Kentaro kann gegen den Richterspruch innerhalb eines Monats Berufung einlegen. Dann käme es zum Prozess vor dem Oberlandesgericht. Die Kosten des bisherigen Verfahrens muss Kentaro tragen. "Ein Vertrag ist ein Vertrag, und der ist vom Anfang bis zum Ende gültig, wenn er nicht gegen das Gesetz verstößt. Das war meiner Meinung nach nicht der Fall", sagte Knudsen. Vor dem Urteil scheiterten mehrere Vergleichsverhandlungen zwischen den Parteien. Der HSV war zuletzt bereit, gegen eine Einmalzahlung von 800.000 Euro auf weitere Forderungen zu verzichten. Kentaro bot nur 400.000.

Zu den Kunden gehören auch Bayern und Arsenal

Die Kentaro Group, 2003 in London von den Geschäftsführern Philipp Grothe und Philippe Huber gegründet, versteht sich als eine der weltweit führenden internationalen Sportmarketingagenturen. Sie ist vor allem im Fußballgeschäft aktiv. Das Betätigungsfeld reicht von der Vermarktung von Medienrechten für Vereine und Verbände über die Organisation von Spielen und Turnieren bis zur Spielerberatung.

Zu den Kunden gehören Topvereine wie der FC Bayern, AC Mailand, Amsterdam und Arsenal, die Verbände Englands, Italiens, Frankreichs, Argentiniens und Brasiliens sowie diverse Nachwuchsprofis. Kentaro unterhält Niederlassungen in Großbritannien, der Schweiz, Schweden, Brasilien, den USA und Deutschland. Das Hamburger Büro hat den Schwerpunkt weltweite Rechtevermarktung.

Kentaro hatte sich 2010 im Kontrakt mit dem HSV verpflichtet, dem Verein jährlich eine bestimmte Mindestsumme zu zahlen, unabhängig davon, ob die Firma in dieser Höhe auch entsprechende Werbe- und Sponsorenverträge abschließen kann. Im Gegenzug waren Provisionen von bis zu 35 Prozent vereinbart worden.

Vermarktungspotenzial offenbar überschätzt

Kentaro erhielt vom HSV ein exklusives, angeblich 1,25 Millionen Euro wertes Rechtepaket, das neun Punkte umfasste: von Werbeflächen am und auf dem Spielfeld bis zum Akquirieren von Mitgliedern für den Silber- und Goldclub. Für die Saison 2010/2011 garantierte der Vermarkter dem HSV 750.000 Euro an Einnahmen, für die nächste 787.000, für die laufende Serie 825.000, für die kommende 862.000 und für die Spielzeit 2014/2015 genau 900.000 Euro.

Kentaro hatte offenbar das Vermarktungspotenzial des damaligen Vizemeisters überschätzt.
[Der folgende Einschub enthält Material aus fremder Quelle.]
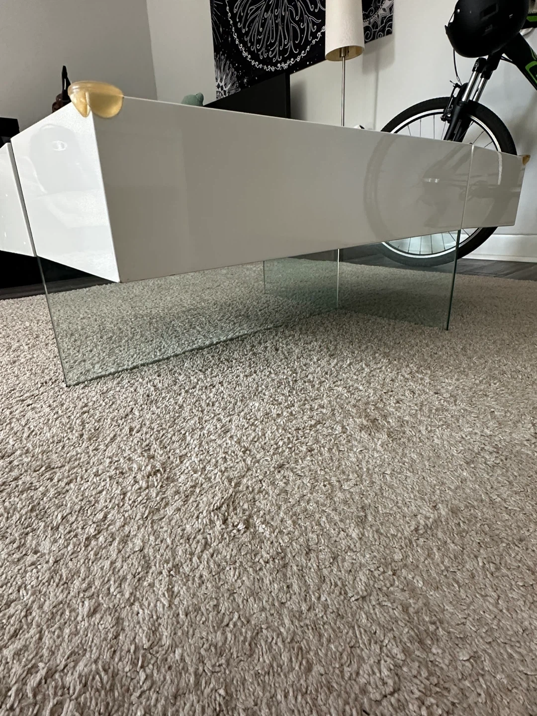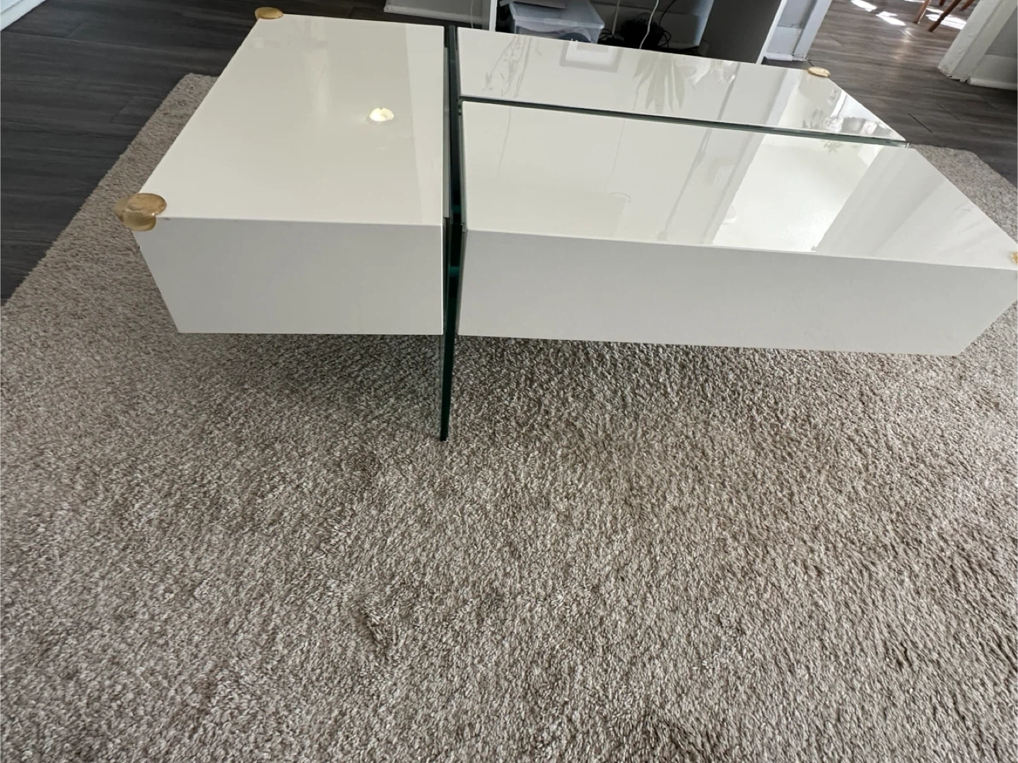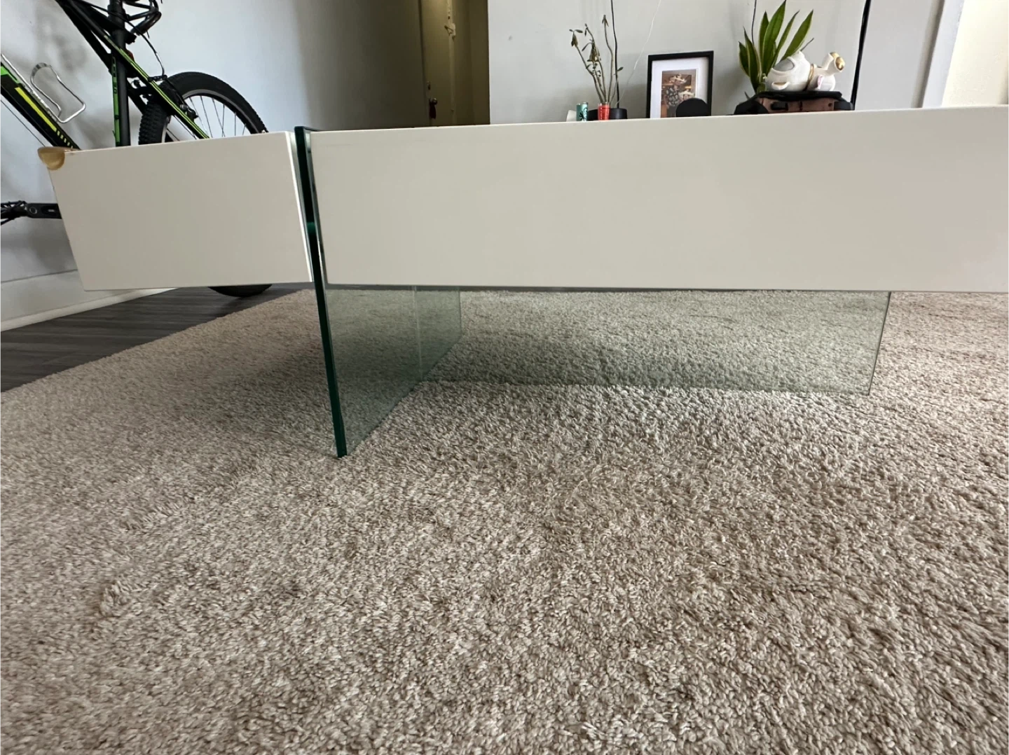 Selling a stylish white coffee table featuring glass legs. Storage inside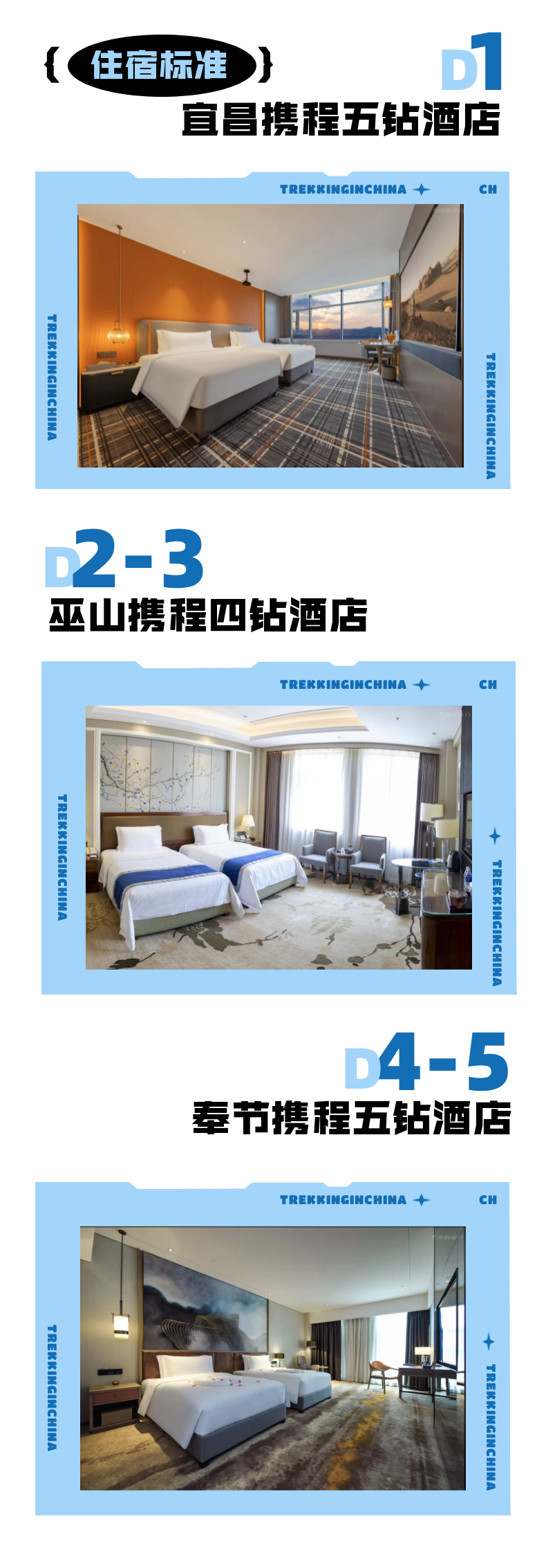 2. 住宿:全程 5 晚酒店标间,均为当地最好标准:含 1 晚宜昌携程五钻酒店、2 晚巫山携程四钻酒店、2 晚奉节携程五钻酒店;

In der ersten Saison konnte die Agentur nur für 224.000 Euro neue Kunden gewinnen. Kentaro klagte darüber, der HSV hätte eine nicht marktgerechte Preisliste vorgelegt, stellte daraufhin seine Aktivitäten und die vereinbarten Ratenzahlungen ein.

Die Firma hätte indes gewarnt sein müssen. Vorgänger kick and rush, die Agentur des ehemaligen HSV-Fußballprofis Stefan Schnoor, hatte 2009 mit den HSV-Handballern einen exklusiven Vermarktungsvertrag bis 2014 geschlossen. Ein halbes Jahr später meldete kick and rush Insolvenz an. Diesmal dürfte der HSV das für die Deckung des 7,6-Millionen-Euro-Etats dringend benötigte Geld erhalten. Hinter der deutschen Kentaro GmbH steht die finanzstarke Mutter-AG in der Schweiz.